Found springboard blog https://www.springboard.com/blog/ which is interesting and also the article “19 Free Public Data Sets for Your Data Science Project” https://www.springboard.com/blog/free-public-data-sets-data-science-project/ . Also found this site http://insideairbnb.com/get-the-data.html that has lots of data for Airbnb and I can do data analysis from there. It will be really interesting and helpful because it is real data from Airbnb ! I downloaded the data from Athens and there are so many things to see and do!
Also I watched some videos on Data analysis Course by Jeff Leek up to video 17 and I learned to download data in R directly from websites, which is a very useful thing to know. Finally I continued the tutorial “Head Start for Data Scientist” on Kaggle, up to exploratory data analysis. I think this is the best way to learn data science because you are actually doing it and learn from other users and Kernels.
Finally did exercise 10 -Unit 3, from the book “An introduction to statistical learning”. Here is the code I used
#Excercise 10, Page 123
#In the regression the Price has a negative coefficient which indicates that the
#price has an effect on sales(It’s difficult to sell more expensive houses)

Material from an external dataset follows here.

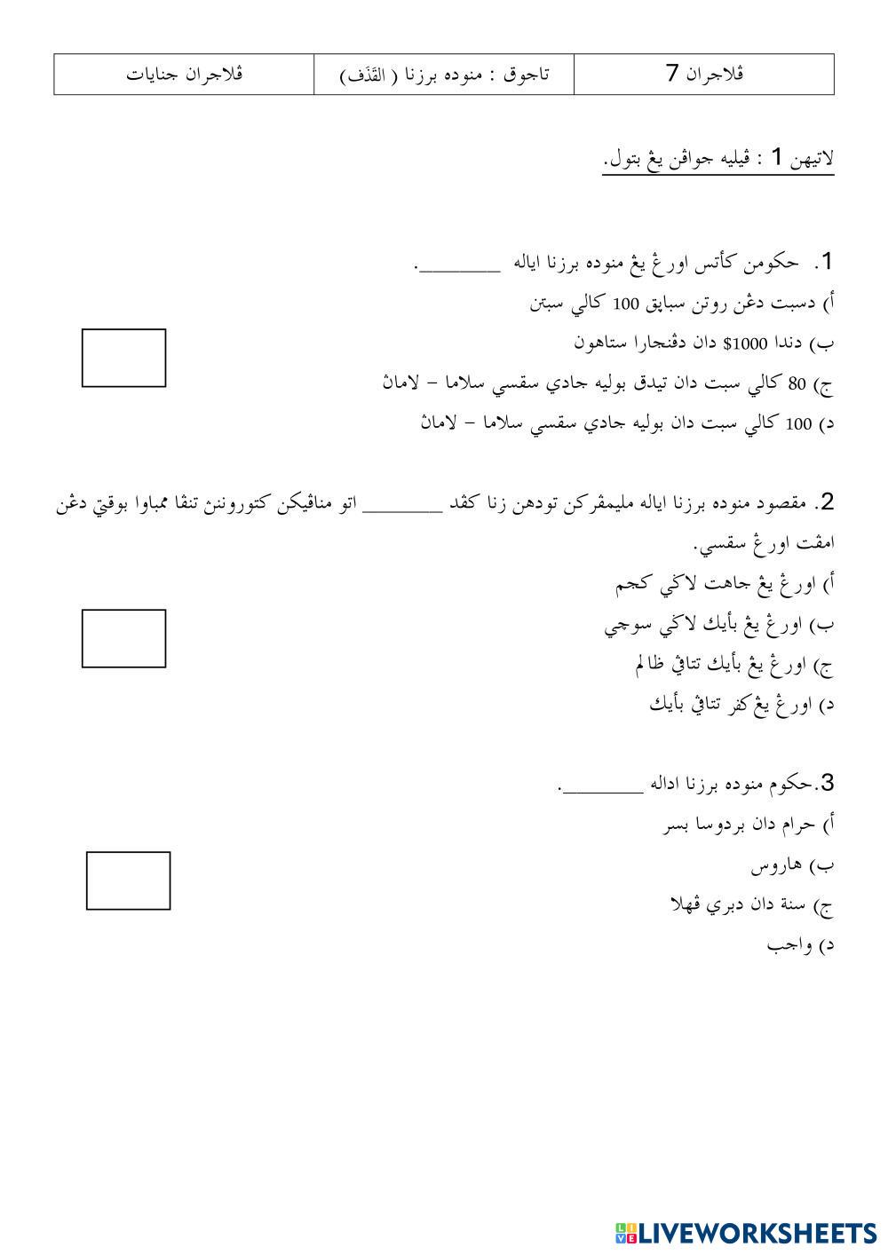 Created byKhallit Talib ESL Malay A1 Writing Malay Author's Instructions PILIH JAWAPAN YANG BETUL My Google Classroom Courses × 0 classes selected (0 students total) Quick Access Select all classes (0 classes) All Classes Loading courses... Cancel Share Share to selected Course __COURSE_NAME__ __STUDENT_NAME__ (__STUDENT_EMAIL__) LATIHAN 1 JENAYAT DARJAH 6 TAJUK MENUDUH BERZINA Download Worksheet Validation Check my answers Emails my answers to my teacher Full name Group/level School subject Teacher's email or key code Close Submit Validating worksheet... (12) Your answers have been sent to your teacher. Good luck! OK We encountered an error submitting your answers. Please try again. OK Advertisement | Go Ad Free Created byKhallit Talib ESL Malay A1 Writing Malay Author's Instructions PILIH JAWAPAN YANG BETUL Explore Worksheets LATIHAN 1 AMALI AGAMA DARJAH 5 TAJUK SOLAT QASAR DAN JAMAK ESL A1 LATIHAN 1 AMALI AGAMA DARJAH 5 TAJUK SOLAT QASAR DAN JAMAK Writing - ESL WORD SEARCH LATIHAN 1 MUNAKAHAT DARJAH 6 TAJUK WALI ESL A1 LATIHAN 1 MUNAKAHAT DARJAH 6 TAJUK WALI Writing - ESL PILIH JAWAPAN YANG BETUL LATIHAN 2 JENAYAT DARJAH 6 TAJUK MENUDUH BERZINA ESL A1 LATIHAN 2 JENAYAT DARJAH 6 TAJUK MENUDUH BERZINA Writing - ESL PILIH JAWAPAN YANG BETUL LATIHAN 2 HAJI UMRAH DARJAH 6 TAJUK TAHALUL ESL A1 LATIHAN 2 HAJI UMRAH DARJAH 6 TAJUK TAHALUL Writing - ESL PILIH JAWAPAN YANG BETUL

#Also R has created a UrbanYes variable which takes the values of 1 if the house is
#in a urban area and 0 otherwise. We can see that it has a negative effect on
#sales ,but it is not significant in the regression model we created.
#Finally R has created a USYes variable which takes the values of 1 if the house is
#in US and 0 otherwise.This shows that sales are affected
#by the location of the house, if the house is in US this makes it easier
#to be sold.
#equation form y= 13.043-0.054459*x1-0.021916*x2+ 1.200573*x3+ε
#we can reject the null hypothesis for the intercept,Price,and US
#The first model had a 41.52 R-squared and the second 62.43. The second
#model fits the data better.
#We can see that there is a high leverage observation that affects the model
#which is observation no.43